Endoplasmic reticulum:

• RER - protein synthesis, SER - lipid (+carb) production, liver cells (detoxification), muscle cells (Ca²⁺ storage)

Golgi apparatus:

• Cis -> trans face

• Phosphorylation, saccharide and fatty acid addition / cleavage

Exocytosis:

• Constitutive - vesicle lined w/ membrane proteins

• Regulated - active transport by ligand-receptor complexes

Cytosol:

• 70-80% water

• Contains proteins, mono- and polysaccharides, amino, fatty and nucleic acids, cations

• Allows metabolic reactions to occur

Mitochondria:

• Maternally inherited circular DNA - produce ATP synthase and other TCA enzymes

• Responsible for aerobic respiration (TCA cycle and oxidative phosphorylation)

• Bacterial conformation (60S) ribosomes

• Endosymbiotic theory - mitochondria formed when bacteria formed symbiotic relationship w/ Archaea: facilitated differentiation, fitness advantage allowed propagation of eukaryotes

• Replicate independently of the cell

• Double membrane - inner membrane is highly folded (cristae)
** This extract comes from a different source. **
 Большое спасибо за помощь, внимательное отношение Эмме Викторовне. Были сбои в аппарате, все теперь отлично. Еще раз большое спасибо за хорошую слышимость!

• Mitochondrial matrix - contains TCA enzymes

• Periplasm - intermembrane space, facilitates proton gradient

Electron transport chain:

• Complex I

  • Oxidises NADH, pumps 4 protons, reduces ubiquinone

• Complex II

  • Oxidises FADH_2, does not pump protons, reduces ubiquinone

• Complex III:

  • Oxidises ubiquinone, pumps 4 protons, reduces cytochrome C

• Complex IV:

  • Oxidises cytochrome C, pumps 2 protons and reduces O₂

2H⁺ + O + 2e^-   Oxygen is terminal electron acceptor

10 protons pumped for every 2 electrons (Oxidation of NADH and FADH₂

Ubiquinone and Cytochrome C act as shuttles

Proton motive force powers ATP synthase, in reverse orientation to proton pores

Ribosomes:

• Responsible for protein translation

• Small (40S) subunit holds mRNA binding site

• Large (60S) subunit has A (aminoacyl), P (peptidyl) and E (exit) sites for tRNA

• Codon - anticodon binding between tRNA and mRNA

• Measure of activity (more proteins transcribed, greater ribosomal activity)

• Free ribosomes produce intracellular proteins

• Bound ribosomes produce specific proteins (lysosomes, extracellular hormones + enzymes)
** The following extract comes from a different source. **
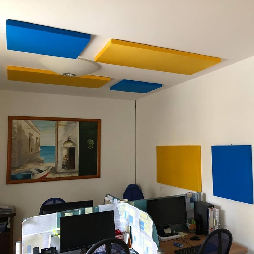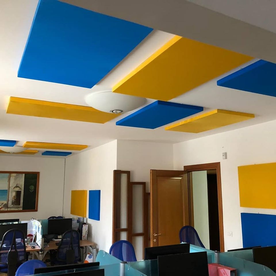 Il trattamento acustico della stanza ha come risultante una migliore qualità professionale del luogo eliminando le interferenze acustiche tra le postazioni di lavoro.

• Highly conserved, phylogenetic marker

Cytoskeleton

• Microfilaments (7nm diameter)

  • Cellular movement - muscle cells use in combination with myosin

  • Chemokines/cytokines attract cells, microfilaments used to move in direction dictated by signalling molecules

  • Actin monomers polymerise - create new binding point at cell 'front'

  • Depolymerisation/hydrolysis at cell 'back' allows movement

• Intermediate filaments (8-10nm diameter)
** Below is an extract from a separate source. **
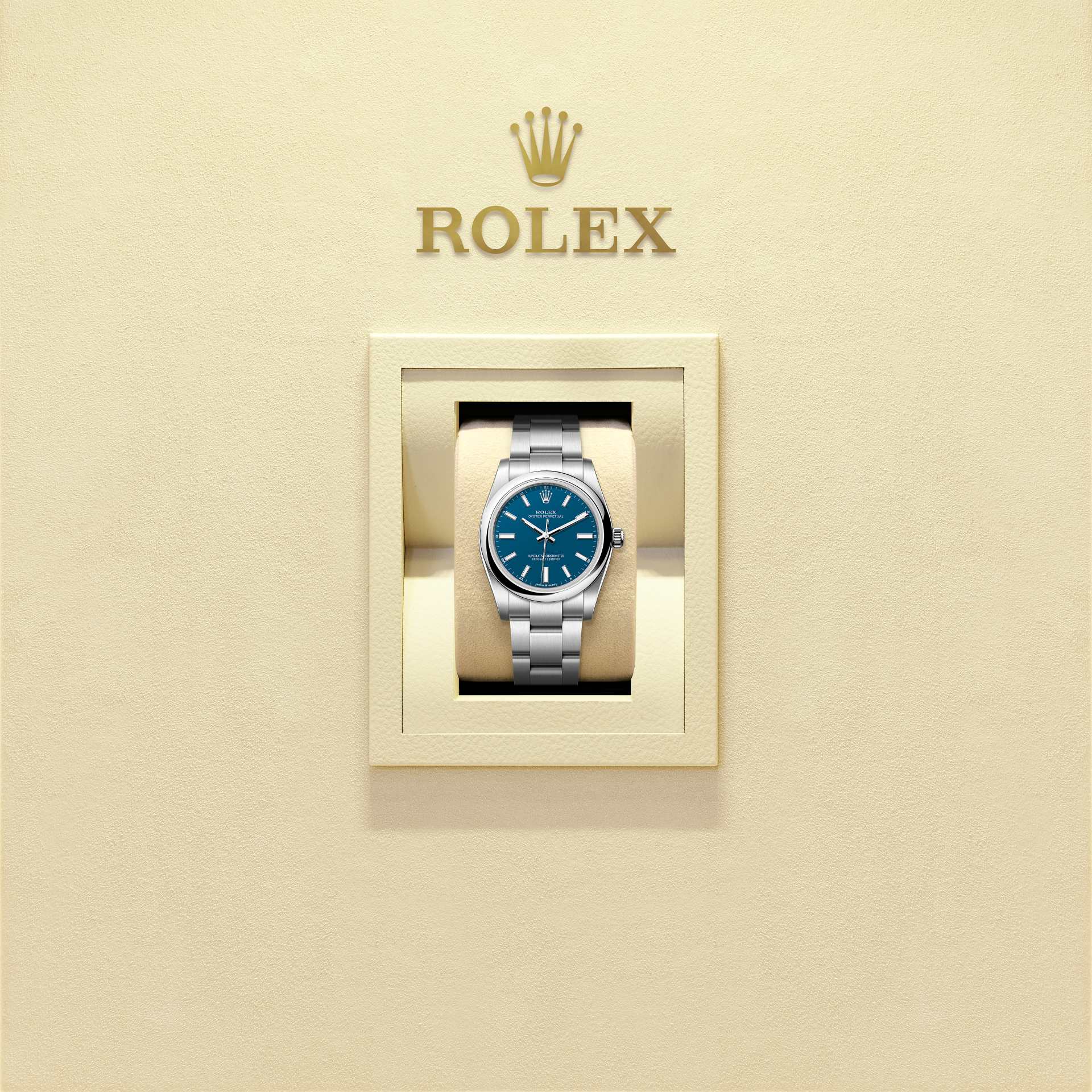 蚝式恒动型 34腕表搭配med blue表盘及蚝式(Oyster)表带。

  • Structural, filamentous proteins allow cell shape and organelle arrangement to be maintained

• Microtubules (25nm diameter)

  • Polymerised a and B tubulin dimers, hollow tubes allow vesicle movement, cell division (centrioles attaching to centromeres) and extracellular appendages (cilia + flagella)

• Centrioles

  • Organisation of short lengths of microtubules

  • Polymerisation (expansion) allows attachment to and movement of chromosomes through centromere attachment

  • 2 perpendicularly attached centrioles = centrosome

Peroxisomes and Lysosomes

• Peroxisomes

  • H₂O₂  synthesis and degradation

  • Detoxify oxidase reactions

  • Fatty acid degradation for energy release

  • Self-replicate through fission (think binary fission)

• Lysosomes

  • Highly glycosylated proteins protect membrane from low internal pH

  • Contain digestive enzymes w/ acidic optimum pH

  • Active transport proteins pump H⁺ into vesicle

  • Bud directly from Golgi apparatus

  • Prevent signalling cascades

  • Autophagy, heterophagy, autolysis/apoptosis, fertilisation

Cell Cycle and Cytokinesis

• Growth, repair and reproduction

• Binary fission used by bacteria: single chromosome replicated - two identical daughter cells produced

Cytokinesis - cell division

Microfilament contraction around cell equator forms cleavage furrow- starting during anaphase and continues in telophase

Interphase

1. G₀ Senescence (metabolism halted)

Become quiescent (dormant), can re-enter the cell cycle, senescent cannot (aging or deteriorating), usually due to damaged or defective DNA

Muscle and nerve cells do not divide (continual G₀)

1. G₁ : Gap1

Visual inactivity, high level of metabolic activity (organelle duplication and protein production)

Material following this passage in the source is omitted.